2 de dez. de 2007

A desesperada travessia de dois meses da família real portuguesa para o Brasil

A família real portuguesa só chegou ao Rio de Janeiro em março de 1808, depois de passar em fevereiro por Salvador, na Bahia, mas as comemorações do bicentenário da chegada ao Brasil começaram oficialmente nesta quinta-feira, 29 de novembro. Ao raiar do sol deste dia de 1807, o príncipe Dom João, sua família, seu governo e sua corte, já com o exército francês invadindo os arredores de Lisboa, partiram às pressas do porto de Belém, sob proteção da poderosa esquadra inglesa, liderada pelo famoso almirante sir Sydney Smith.
Graças à recente publicação, inédita no Brasil, do relato “conciso e apurado”, escrito em 1810 pelo conde irlandês e tenente da Marinha britânica Thomas O’Neil, poderemos agora saber, de uma fonte primária, como foi caótica a aventura da única realeza européia que atravessou o Atlântico para escapar de Napoleão Bonaparte. O pequeno livro em inglês sobre a “fuga da família real de Portugal para o Brasil” e os “sofrimentos dos fugitivos reais” é um documento histórico raro: foi distribuído na época em Londres apenas para cerca de 1.700 nobres subscritores da obra.
Com um título mais honroso em português – “A vinda da família real portuguesa para o Brasil”-, o texto de O’ Neil pôde chegar enfim aos leitores brasileiros porque o bibliófilo José Mindlin, membro da Academia Brasileira de Letras (ABL), cedeu seu precioso exemplar para a Comissão do Bicentenário criada pela prefeitura do Rio de Janeiro. Que, por sua vez, o repassou à editora José Olympio para ser fotografado e traduzido.
O depoimento do conde é, primeiramente, um hino de louvor à ação dos britânicos em guerra contra Bonaparte, “o infame símbolo de Lúcifer” - com quem Dom João tentou contemporizar até a última hora, enquanto assinava acordos secretos com os ingleses. Mas não deixa de nos trazer registros vivos e ricos, quase em tom de reportagem, sobre o que viu e ouviu naqueles dramáticos dias que mudariam a história do Reino Unido de Portugal e Brasil. Nesta edição, a versão do marinheiro irlandês é contextualizada pelo cuidadoso prefácio de Lilia Moritz Schwarcz, que aponta inclusive equívocos factuais.
União das frotas e bandeiras - Vejamos o que nos diz a testemunha ocular do momento da partida. “No dia 29, às sete horas, a manhã estava linda: uma brisa agradável soprava do quadrante leste fazendo com que os navios portugueses deslizassem diretamente para fora do Tejo (...). Tivemos então a profunda satisfação de ver nossas esperanças e perspectivas se realizarem totalmente: toda a frota portuguesa se dispôs sob proteção de Sua Majestade, enquanto disparava uma saudação recíproca de 21 salvas.” Emocionado com o “espetáculo raro de se ver” da junção dos navios e das bandeiras de Portugal e Inglaterra, O’Neil não omite, entretanto, que o único espectador insensível à “cena de sublime beleza” era o “Exército francês que estava nas colinas”.

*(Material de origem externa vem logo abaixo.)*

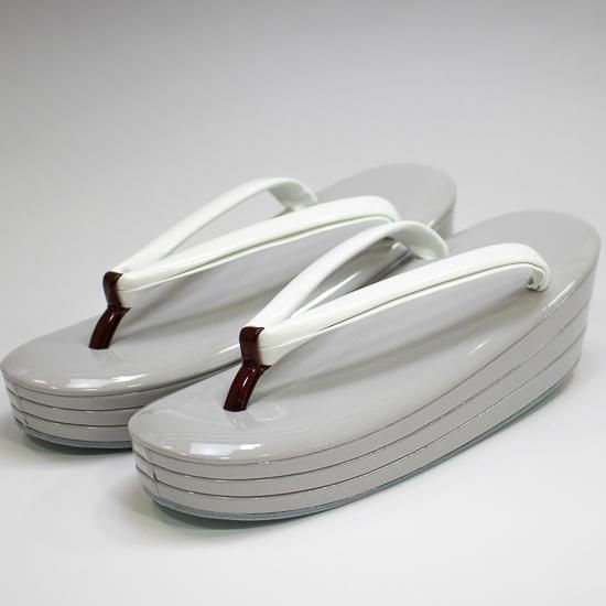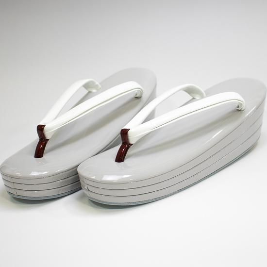 東京浅草製の五分三枚草履です。草履台、鼻緒ともに、シャープな印象となる細身のシルエットは東京スタイル。上品な白鼻緒に、前坪がエンジのツボ変わりの鼻緒を挿げました。上品さのなかに、さりげない小粋さも感じさせてくれる草履です。

Thomas O’Neil também não esconde outros fatos pouco edificantes para a história oficial: a correria da família real para chegar ao porto de Lisboa trazendo em cinco horas 700 carros com seus últimos pertences; o desespero da multidão, estimada por ele em cerca de 10 mil pessoas, que lotaram do dia 25 ao dia 28 o porto, sem garantia de embarque; a má condição e o mau preparo das embarcações portuguesas; a falta de provisões e acomodações em várias naus. Ele destacou ainda o sofrimento das mulheres. “Muitas senhoras distintas entraram na água na esperança de alcançar os botes, mas algumas, desgraçadamente, morreram”.
Obrigado a transferir-se temporariamente do London para a fragata Oliveira, revelou que passou o Natal sem ter o que comer, porque o estoque de arroz, única ração existente, terminara. Segundo seus cálculos, entre 16 mil e 18 mil portugueses abandonaram Lisboa, abrigados em uma frota que ultrapassaria, incluindo dezenas de navios mercantes, mais de 50 embarcações. O’Neil também registra que no mar, como em terra firme, Dom João (que ficava em Mafra) e Carlota Joaquina (em Queluz) mantiveram-se separados. Durante os dois meses de travessia, ele ficou no Príncipe Real; ela, no Afonso de Albuquerque.